The problem with microcode is that it’s specifically tailored to each specific microarchitecture. The microcode for, say, Skylake, won’t work on Haswell. And it definitely won’t work on any AMD CPU.

Intel and AMD almost certainly have compilers/assemblers of sorts that handles turning the microcode assembly-of-sorts into the correct bits, but they’re not portable.


I'd settle for a single specific microarchitecture, just to see what was possible.


Oh for sure. Even if it’s the P6’s microcode (the first with updatable code), I’d take it. I’ve always wondered what microcode looks like in these processors, and how it functions. There is “p6tools”[0][1] which looks interesting. But if Intel released info on it, that’d be really cool.

Sidenote: Ken Shirriff has reverse engineered the ARM1’s microcode,[2] but it’s a “horizontal” microcode (bits control CPU blocks directly) while x86 uses “vertical” (RISC-like) microcode.

[0]: https://github.com/peterbjornx/p6tools

[1]: https://www.youtube.com/watch?v=4oFOpDflJMA (slides: https://hardwear.io/netherlands-2020/presentation/under-the-...)

[2]: http://www.righto.com/2016/02/reverse-engineering-arm1-proce...


There was an interesting black hat talk about automatically finding undocumented instructions. [0]

Interesting comment on twitter to the instruction of the original post[1]

[0] https://www.youtube.com/watch?v=KrksBdWcZgQ&t=3

[1] https://twitter.com/eigma/status/1373155650432290819


Can it be used to make RDRAND always return the same number?



So, which CPUs are actually open-hardware and available to consumers with mainboards that support them? Is RISC-V going to be this?

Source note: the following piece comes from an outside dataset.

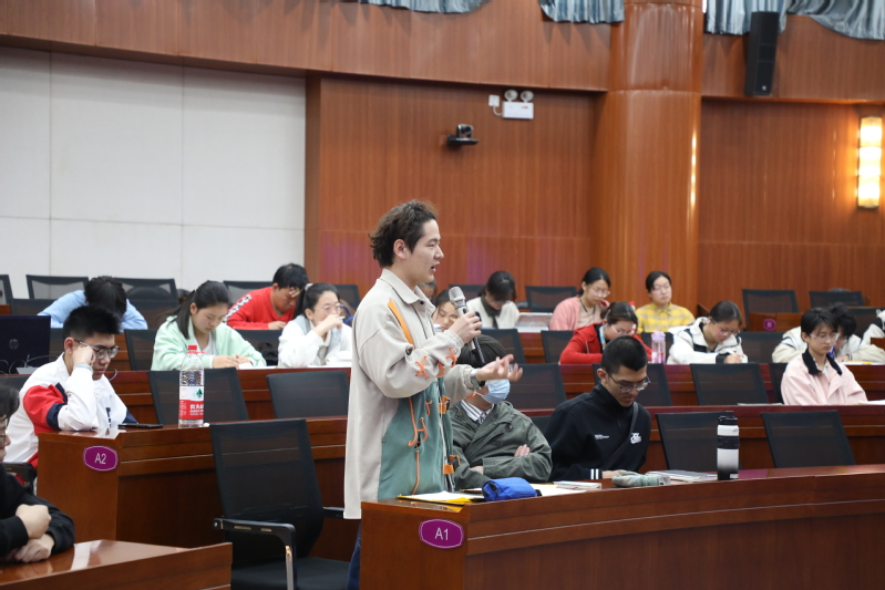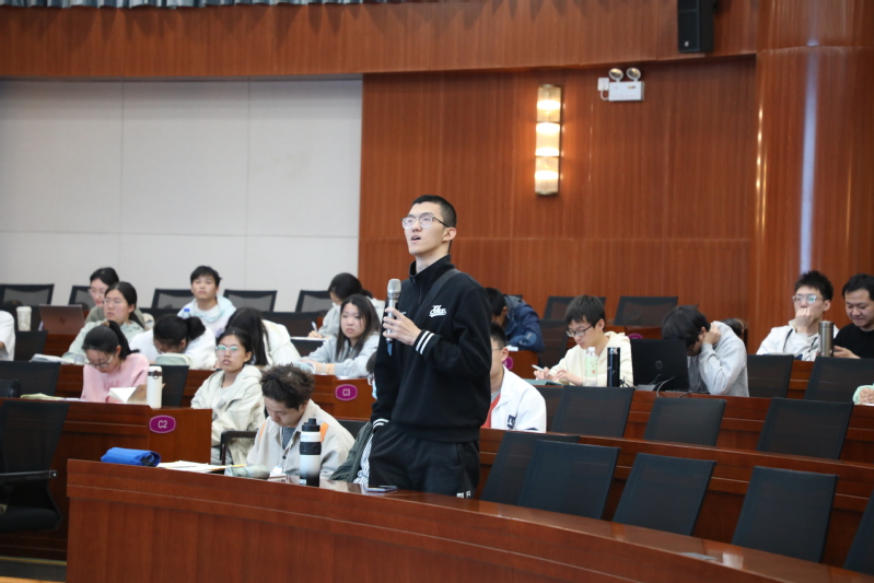 在课后独具特色的名师面对面交流环节中,刘老师与近十位选课同学代表进一步深入交流,分享科研经历和人生感悟,并勉励同学们要在本科期间勤奋学习、刻苦钻研,提升多方面本领,为实现理想而不懈努力。(摄影:柴子辰)

None. Well, yeah, I think SiFive has HDL sources for quite a lot of their stuff up on GitHub, but it's not like you can just compile them into production silicon at home, heck, you can't even verify that the silicon was actually compiled from that source. (Yes there's research into verifiable silicon, but it's not like everyone has ultra high end electron microscopes and whatnot at home lol)

And of course nothing about RISC-V implies that production implementations will be open source at all.


Good thing Apple is moving to M1; no more of that Intel crap. and stick with AMD for Linux.


I wonder what interesting things are in Apple's completely undocumented chips? There is that famous saying about known unknowns and unknown unknowns...


No more or less so than intel or amd. Or is the problem that the entire implementation is not public? Because even risc5 doesn't require that.


That isn't true. AMD aren't great at it, but Intel publish thousands and thousands of pages of manuals. They don't have the secret sauce in them as per se but Apple literally will not publish jack shit about anything inside M1.


"Intel x86 documentation has more pages than the 6502 has transistors": https://news.ycombinator.com/item?id=13126248

There's also the "unpublished" stuff that occasionally leaks here and there; not something which I suspect will ever happen with Apple, but you never know...


Untrue. There're more documentation on Intel's CPU than Apple provide on an entire M1 laptop.


.. you mean the ARM specifications?


Out of the frying pan into the fire.


do you think the M1 doesn't have security bugs?


Apple's M1 too supports Spectre.

>The demonstration website can leak data at a speed of 1kB/s when running on Chrome 88 on an Intel Skylake CPU. Note that the code will likely require minor modifications to apply to other CPUs or browser versions; however, in our tests the attack was successful on several other processors, including the Apple M1 ARM CPU, without any major changes.